---- Excerpted records

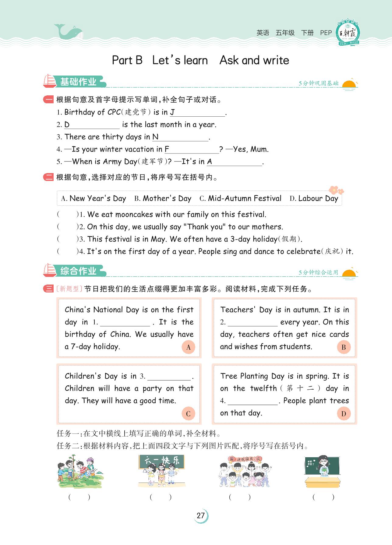 2023下册五年级英语人教PEP版 Unit 3 Part B—Let’s learn Ask and write
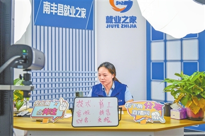 5月23日,南丰县工业园区就业之家的工作人员在直播间为求职者介绍岗位信息。通讯员 邓 鹏摄
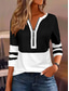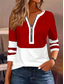 Női póló Hosszú ujjú Grafikás Színblokkok Csíkos Elegáns Vintage Stílusos Hosszú ujjú V nyakú Rendszeres Felsők Napi Hétvégi Cipzáras Nyomtatás Fekete Piros Királykék Tavaszi Őszi Előősz
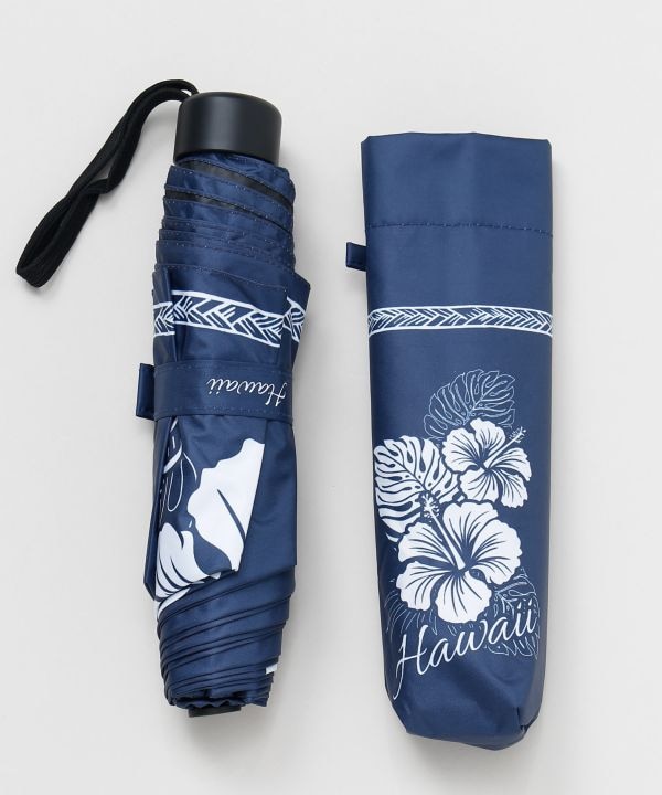 UVカット加工を施した晴雨兼用の折りたたみ傘。ハワイアンデザインが上品に映え、遮光・遮熱効果で一年中快適に使用可能。持ち手のバンブーがナチュラルな高級感を添える、携帯にも便利なアイテム。
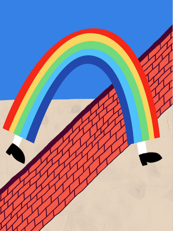 Un arcobaleno che cammina si differenzia da un semplice arcobaleno perché dotato di scarpe e calzini bianchi che gli permettono di superare svariate tipologie di ostacoli. (opera in catalogo)
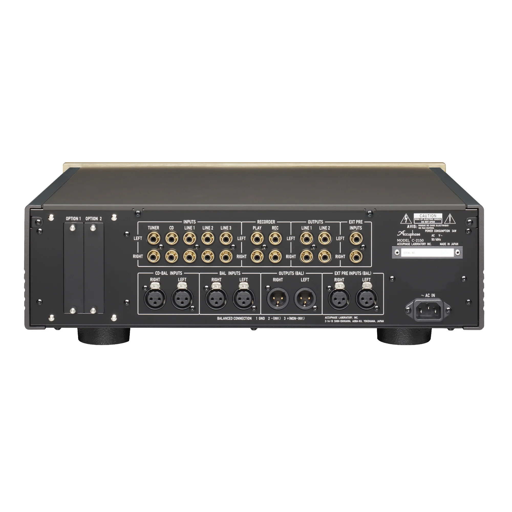 Accuphase C-2150 может быть оснащён двумя опционально устанавливаемыми платами: DAC 40 и AD 30. Встраиваемая плата DAC 40 оснащена цифро-аналоговым преобразователем MDS++ (24bit/192Khz). Она имеет: коаксиальный вход (RCA S/PDIF 75 om), оптический вход (TosLink) и вход USB 2.0. На плате AD 30 расположен ММ/МС фонокорректор.
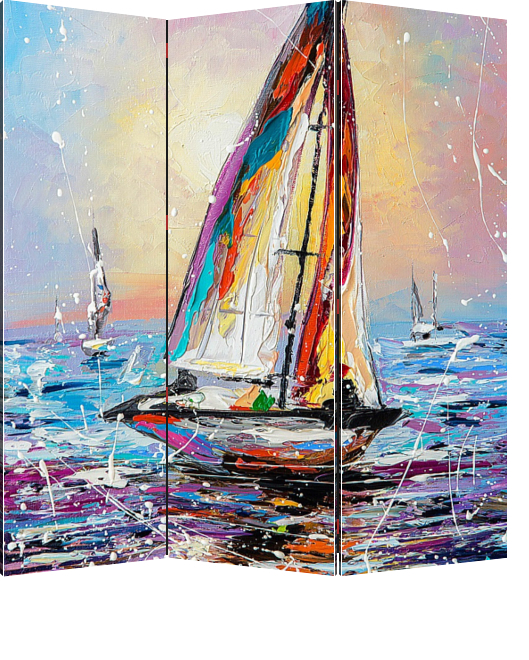 Описание ширмы Любовь Купцова - художник, работающий с различными материалами и техниками. Прежде всего это масло и акварель. Также занимается вышивкой, прижиганием по ткани, росписью стен.Самыми любимыми сюжетами являются животные, птицы, цветы и люди. Особое мес

--------

(The task) One exact copy of the data is required, and it should hold no pictures.

(Exercise result)
 2023下册五年级英语人教PEP版 Unit 3 Part B—Let’s learn Ask and write
 5月23日,南丰县工业园区就业之家的工作人员在直播间为求职者介绍岗位信息。通讯员 邓 鹏摄
 Női póló Hosszú ujjú Grafikás Színblokkok Csíkos Elegáns Vintage Stílusos Hosszú ujjú V nyakú Rendszeres Felsők Napi Hétvégi Cipzáras Nyomtatás Fekete Piros Királykék Tavaszi Őszi Előősz
 UVカット加工を施した晴雨兼用の折りたたみ傘。ハワイアンデザインが上品に映え、遮光・遮熱効果で一年中快適に使用可能。持ち手のバンブーがナチュラルな高級感を添える、携帯にも便利なアイテム。
 Un arcobaleno che cammina si differenzia da un semplice arcobaleno perché dotato di scarpe e calzini bianchi che gli permettono di superare svariate tipologie di ostacoli. (opera in catalogo)
 Accuphase C-2150 может быть оснащён двумя опционально устанавливаемыми платами: DAC 40 и AD 30. Встраиваемая плата DAC 40 оснащена цифро-аналоговым преобразователем MDS++ (24bit/192Khz). Она имеет: коаксиальный вход (RCA S/PDIF 75 om), оптический вход (TosLink) и вход USB 2.0. На плате AD 30 расположен ММ/МС фонокорректор.
 Описание ширмы Любовь Купцова - художник, работающий с различными материалами и техниками. Прежде всего это масло и акварель. Также занимается вышивкой, прижиганием по ткани, росписью стен.Самыми любимыми сюжетами являются животные, птицы, цветы и люди. Особое мес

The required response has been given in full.